PROBLEM TO WORK ON:
Your task is to transcribe the data exactly while omitting each picture.

EXERCISE DATA:
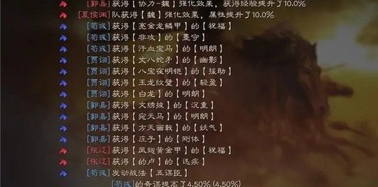 富贵骑,由SP荀彧+贾诩+SP郭嘉组成。能打能抗,非常稳健的体系,让这队稳坐T0。SP荀彧自带战法机鉴先识,具体就不念了太长了,可理解为一个全回合的全体减伤战法,前两回合受到控制有大概率返给敌军,是整个队伍的防御核心。
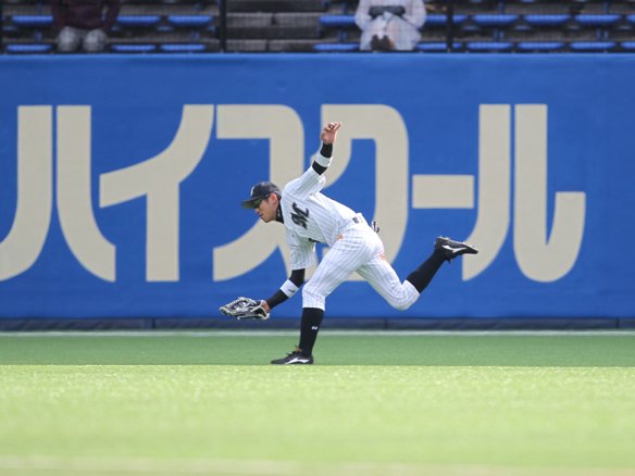 中堅手・岡田が俊足を飛ばし田中賢の打球をキャッチ!
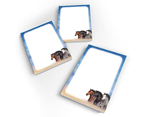 Junapack 12 Mini-Notizblöcke DREI Pferde Mitgebsel für Kindergeburtstag Gastgeschenke für Mädchen / A7-Format

EXERCISE RESULT:
 富贵骑,由SP荀彧+贾诩+SP郭嘉组成。能打能抗,非常稳健的体系,让这队稳坐T0。SP荀彧自带战法机鉴先识,具体就不念了太长了,可理解为一个全回合的全体减伤战法,前两回合受到控制有大概率返给敌军,是整个队伍的防御核心。
 中堅手・岡田が俊足を飛ばし田中賢の打球をキャッチ!
 Junapack 12 Mini-Notizblöcke DREI Pferde Mitgebsel für Kindergeburtstag Gastgeschenke für Mädchen / A7-Format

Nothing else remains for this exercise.